Continually resetting a purely historical benchmark gets harder and harder over time, and will lead the most successful ACOs to drop out of the program. Last year’s rules provided a temporizing stop-gap, replacing a “full ratchet” with a “partial ratchet” whereby the pace of adjustment was slowed but leaving the fundamental inexorable unsustainability unaddressed.

Regulators have struggled to strike a balance between maintaining incentives for private organizations to continue to seek profit in reducing cost, while also seeking to ensure that there continues to be value created for society and the taxpayer. In keeping with comments submitted by us and others, CMS is now proposing to gradually move away from a purely historical benchmark (beat your own past performance) to a regional benchmark (beat your neighbor’s performance). In this way, value created by ACOs is defined commonsensically as “did people in the ACO get better care than they would have if the ACO had not existed.”

We acknowledge that getting the transition right – from rewarding improvement to rewarding attainment– is devilishly difficult. Transition to a regional benchmark too fast, and ACOs that still have high costs will leave the program. Transition to a regional benchmark too slow, and ACOs with low costs will lose their financial viability. We support the proposed transition of 35 percent regional comparison in an ACO’s 2nd contract (years 4, 5, and 6) and 70 percent regional in its 3rd contract (years 7, 8, and 9).

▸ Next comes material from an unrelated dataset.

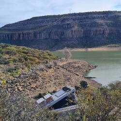 Unser nächster Schlafplatz überrascht mit einer ausgesprochen anspruchsvollen An- und Abfahrt: mit Rinnen versetzt, schmal, steil und steinig brauche ich 45 Minuten abwärts. Den Stausee, der das Ziel sein sollte, können wir nicht erreichen, da am Ende auch zu Fuß kein Durchkommen mehr ist. Bei der Rückfahrt bergauf springt ein Baum nicht rechtzeitig zur Seite und rammt Grobi mit einem Ast. Das Geräusch ist hässlich. Grobis Beule muss später behandelt werden.

But this is only part of the solution. With healthcare costs rising every year, the benchmark must also be projected forward. CMS currently uses national inflation for annual updates of the benchmark within a contract period, but this creates an imperfect view of the counterfactual (what would have occurred had the ACO not existed). Regional updates using county weighted, risk adjusted costs (as is done in Medicare Advantage) create more accurate benchmarks and therefore more accurate measure of ACO value. CMS is indeed proposing to switch to such regional inflation in future contracts but is adding complexity and reducing predictability by proposing to continue to use national inflation in the first contract (first three years). An ACO should be rewarded because a person in Dover, Delaware got better care in the ACO than a like population outside of the ACO. Regional updates do that, while national inflation updates dilute that difference.

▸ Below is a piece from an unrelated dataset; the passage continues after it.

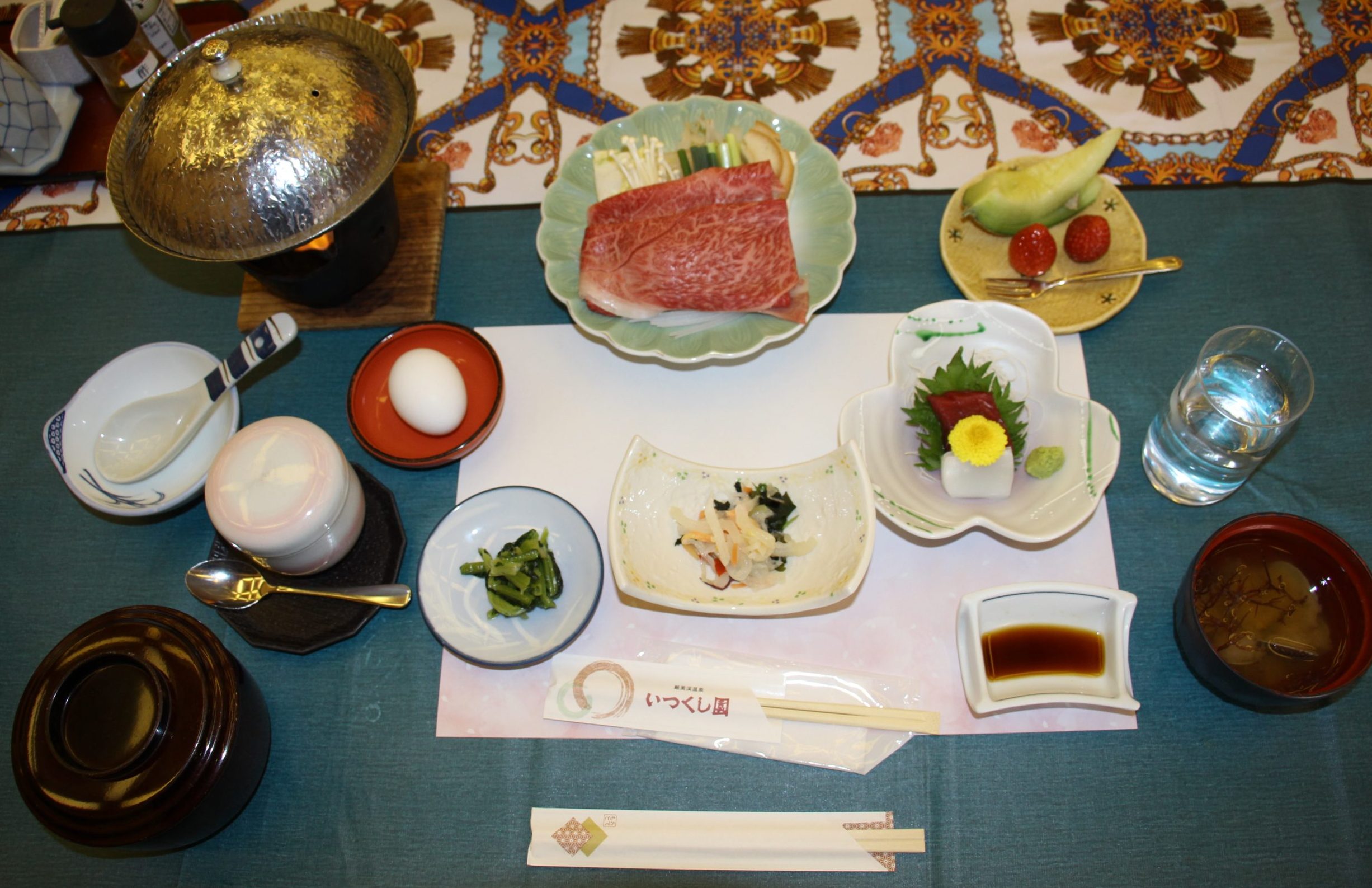 温泉に入って、心も身体もぽかぽかになったところで豪華な食事をいただきました。

The benchmark must also account for differences between people’s health in order to accurately compare one person’s costs to another. To be sure, this adjustment creates opportunities to shift money around in the health care system without creating value, a practice CMS calls “coding intensity” in the proposed rule. Currently, CMS using a blunt instrument to combat this practice. Simply put, they do not let risk scores to go up for the same population year over year. This is done without consideration of whether that population had a bad run of cancer or an unusually high number of unavoidable accidents. This prevents accurate comparison and therefore prevents accurate measurement of value. This transfer of insurance risk to ACOs is one of the biggest barriers to ACO sustainability over the long run, and increases the risk of providers dumping patients whose true risks are rising. People do in fact tend to get sicker over time, and pretending otherwise can only last so long.

2016 is shaping up to be the most pivotal year in health care policy in a long time, possibly the most pivotal year since 1965. CMS is actively listening and working with private sector partners to iterate and improve the alignment between what’s good for society, what’s good for patients, and what’s good for doctors entering these new payment models. All of us in health care, and particularly those of us who are population health, must make the most of every opportunity to inform the changes that will be happening this year, and will illuminate the path forward.